Even if the undercutting wages and jobs argument were true, they wrote, it is never OK to argue that “[b]ecause the competition of the refugee might injure me, let him be killed, or tortured, or imprisoned.” Except, in some insane way, it swiftly turned out to be fine to create a political culture hostile to both refugees and migrants that tacitly—and effectively—endorsed just the monstrous logic of just that thinking.

One year later, the internment of German and Austrian exiles began, and the doors to fleeing refugees, never open that wide in the first place, were closed further. In the autumn of 1940, Yvonne Kapp (best known as Eleanor Marx’s biographer) and Margaret Mynatt wrote a book endorsing the economic case put forth in You and the Refugee, and pointing out that it was antisemitism, xenophobia and an out-of-control nationalism that were really driving migration and refugee policy. The ethno-nationalist cat was out of the political bag. Yet Penguin dropped the book before it was published; Kapp and Mynatt had already lost their government jobs working with refugees because of their political views.

It was a refugee, the political philosopher, Hannah Arendt, interned by the French in the same year, who grasped the bigger picture here. Once nationalism has taken over the political and juridical functions of the state, she later argued, then the prospects of living in a democratic rights-based nation become very bleak—for everyone.
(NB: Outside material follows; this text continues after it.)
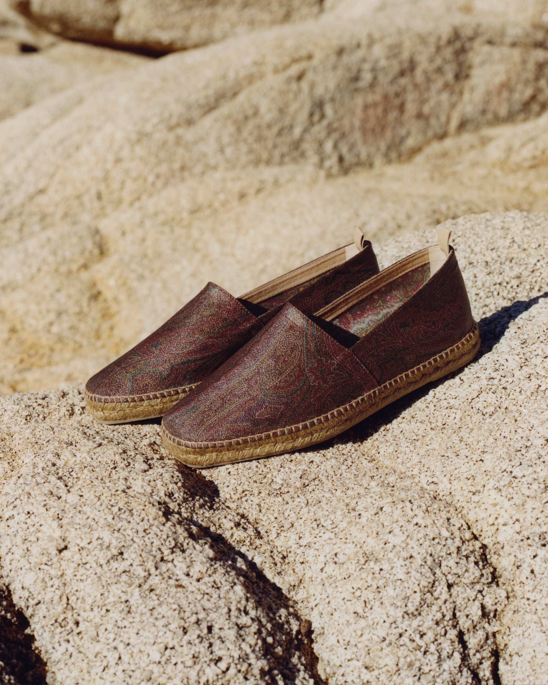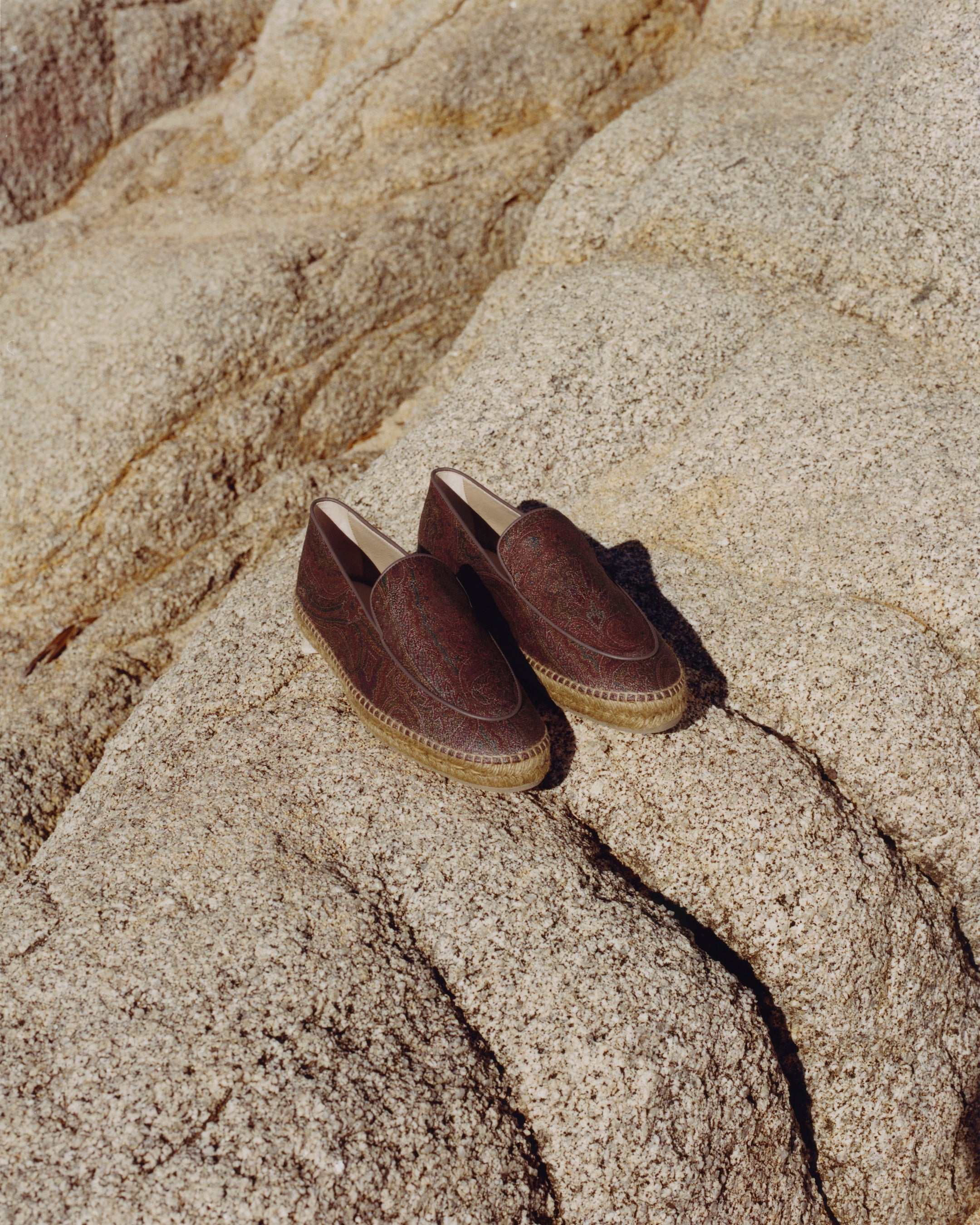 エトロを代表するファブリック「アルニカ」を使用したシリーズは、カスタニエールならではのジュートソールと組み合わせたデザイン。アッパーにスレッディングを施したエスパドリーユや、ブーティー、メンズローファーが登場します。

Hostile environments, as any gardener will tell you, are difficult to contain.

Hannah Arendt's work captured many of the difficulties around refugee status. Hannah Arendt's work captured many of the difficulties around refugee status.

Philosopher (and refugee) Hannah Arendt.

From within the maelstrom of their times, these twentieth-century thinkers diagnose the dilemma behind our current, reality-resistant, border anxieties. Because global economies do not just create capital, but sequester it, so also creating a dangerously and violently inegalitarian world, we need political institutions to check its excesses. The nation state is good for this, and good, too for giving collective meaning to our lives. A comity of nation states committed to regulating the world economy whilst enforcing mutual sovereignty is probably about as good it gets—or at least, so it appeared to the war-weary of the last century.

The reality of the European Union has proved itself inadequate to this aim, but it does not follow that a retreat into nationalism is the answer—particularly when what currently counts as the “national interest” treads so lightly on evidence and reason. In any case, as historian Timothy Snyder argued recently, you can’t enforce the norms of territorial sovereignty with a fantasy.

Writing just after the war, amid a resurgence of antisemitism and anti-migrant feeling, George Orwell wrote of the great “moral effort” needed to face-off the reality-denying seductions of nationalism. If there is one lesson worth heeding from the 1940s now, it is that we urgently need to turn that moral effort into a reasoned and evidence-informed political project.